These may sound like petty aggravations, but they eventually add up to the question Do I really want to keep putting up with this? Between July 2013 and July 2014, Illinois lost 10,000 residents, in its first population drop since the 1980s—an indication that the state and presumably the city have become less livable.

Leslie Hairston, one of the few aldermen to vote against the speed cameras, complained they were a revenue grab that would drive the middle class out of the city. “I guess this is just going to be a city for wealthy people, that’s where we’re headed,” she told the Chicago Tribune.

Hairston was half-right. Chicago has become a city for wealthy people and a city for poor people—people who can afford traffic tickets and people who can’t afford cars, with fewer and fewer left in between.

As Richard C. Longworth points out in his book Caught in the Middle: America’s Heartland in the Age of Globalism, Chicago has developed an hourglass social structure, divided between global citizens—“hardworking, well educated, well paid, well traveled”—and global servants, who park their cars, bus their tables, and walk their dogs.

Daniel Kay Hertz, a graduate student at the University of Chicago, put together an extraordinary set of maps illustrating the collapse of the city’s middle class, from 1970, when steel mills and the stockyards still provided well-paying blue-collar jobs, to post-Great Recession 2012. Wealth has become concentrated in a strip along the lakefront, while poverty has spread through the outer neighborhoods.

Emanuel did not create this divided city, but his mayoralty is a product of it, and he has an interest in perpetuating it, because the global citizens vote for him and fund his campaigns. The most extraordinary finding of the 2010 census was that the fastest-growing neighborhood in Chicago was the Loop, which has a median household income of $93,745. In the first round of the election, on Feb. 24, Emanuel made his best showing there, winning 73.2 percent of the vote in the Loop-based 42nd Ward. Billionaire hedge fund manager and 42nd Ward resident Ken Griffin, the richest man in Illinois, has donated $750,000 to Emanuel during the runoff. As a graduate of an elite suburban high school who made his career in Washington, D.C., then settled in the city to enjoy its cultural amenities, Emanuel embodies Global Chicago.

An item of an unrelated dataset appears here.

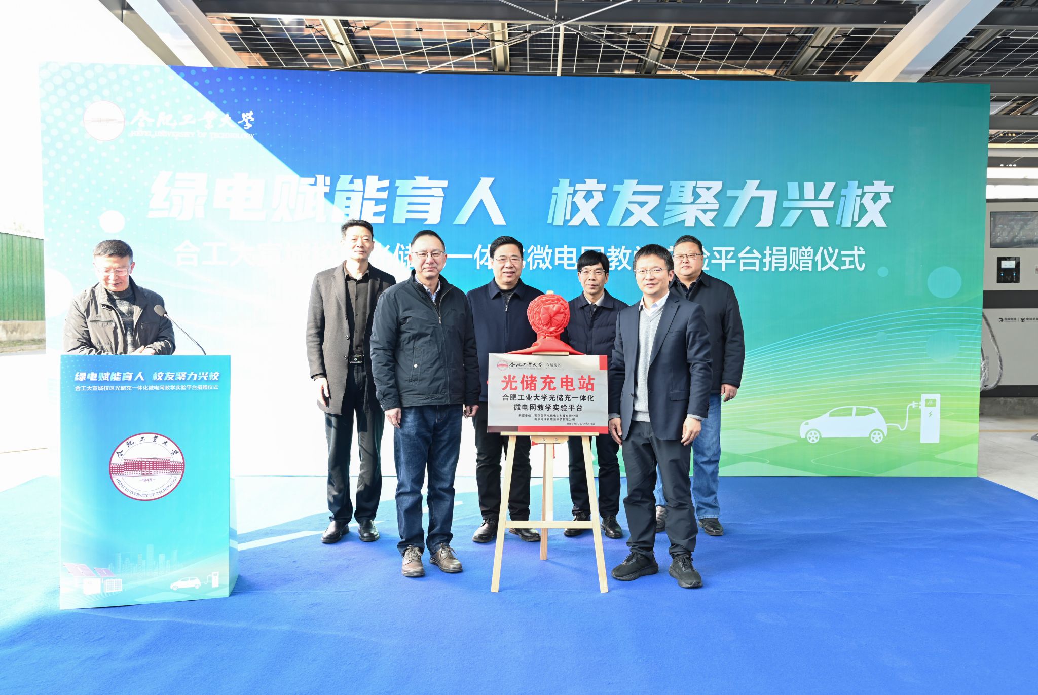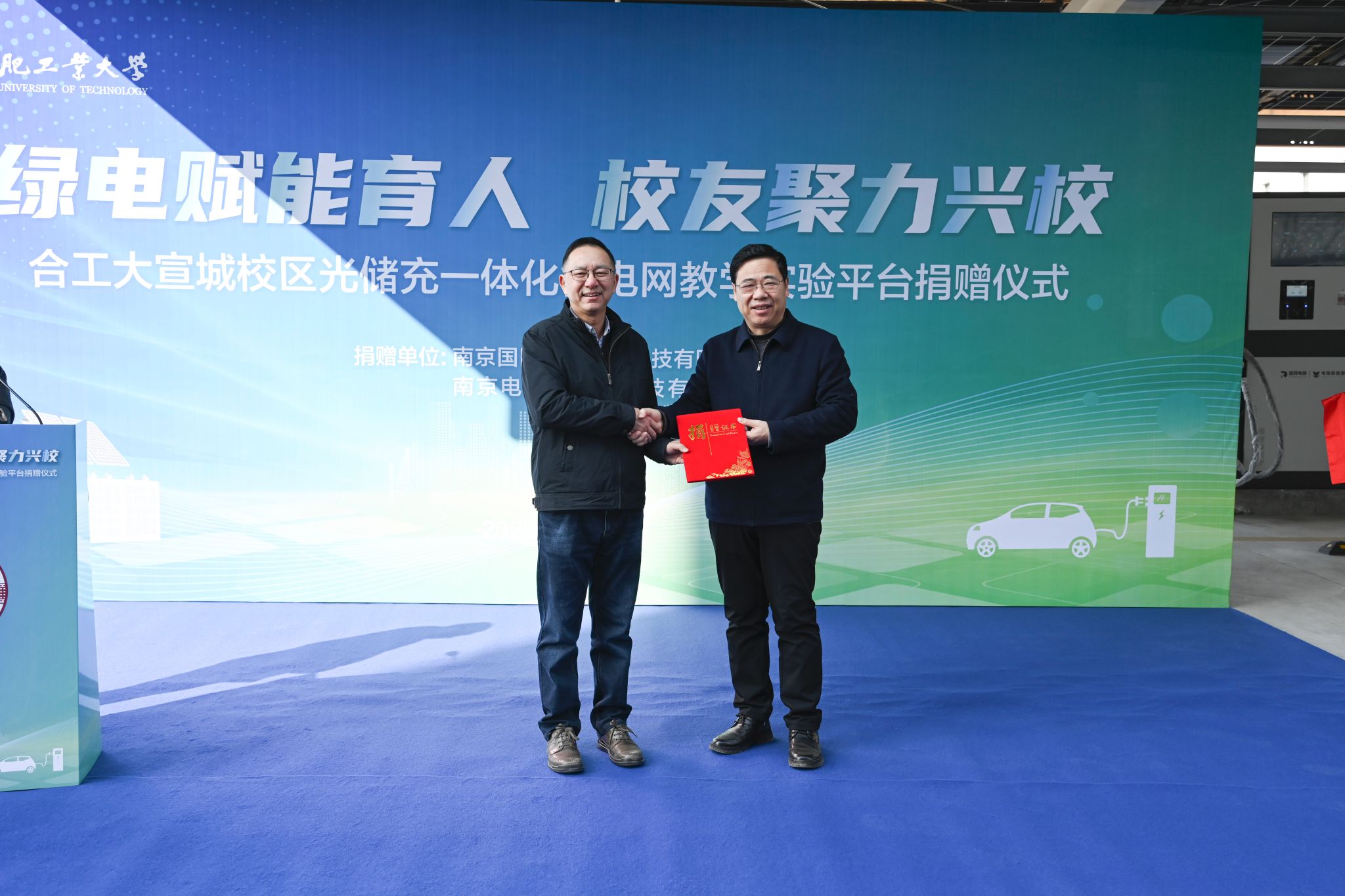 1月16日上午,合肥工业大学宣城校区光储充一体化微电网教学实验平台捐赠仪式在校区光储充电站顺利举行。该平台由合工大校友杨钧旗下的南京国网电瑞电力科技有限公司、南京电瑞新能源科技有限公司联合捐赠,宣城校区管委会主任蒋传东、电气与自动化工程学院院长向念文,以及校企双方代表、校区师生共同参与仪式,仪式由电气与自动化系主任江兵主持。

The central theme of Garcia’s campaign is that Emanuel has neglected the neighborhoods while building his global city on the lakefront. Nearly two years after the city debuted its Divvy bike-sharing program, it still hasn’t reached most of the South Side. Emanuel offered parkland to filmmaker George Lucas for a museum that Garcia calls “a monument to Darth Vader.” Garcia has also criticized Emanuel for spending tens of millions in public funds on a basketball arena for DePaul University “when the city is suffering from closed schools and the violence that goes unabated.”

After leading the nation in murders every full year of Emanuel’s mayoralty, Chicago has become more renowned for gangsterism than at any time since St. Valentine’s Day 1929. In the bloody year of 2012, when the death toll hit 505, Chicago picked up a mordant nickname: “Chiraq, Drillinois,” after both the war zone violence and the music it inspired. Drill, a dark, hardcore iteration of hip-hop that originated on the South Side, made Chicago the nation’s rap capital, attracting record labels eager to exploit the glamour of gangbanging in America’s No. 1 murder city. Gang-affiliated rappers Chief Keef, Lil Durk, and Lil Reese were all signed to six-figure deals.

Gangsta rap was once defined by its East Coast-West Coast rivalry, but it had to go Midwestern. Chicago has had far less success in taming street crime than New York or Los Angeles, partly because the city’s gang violence is so linked to its intractable segregation. Since 1991, when the movie New Jack City chronicled New York’s Crack Wars, that city’s murder rate has declined 87 percent. Los Angeles’ rate is down 76 percent. In Chicago, murders are down 57 percent, but the city has surpassed its larger rivals in total killings, even though it lost population while New York and L.A. grew.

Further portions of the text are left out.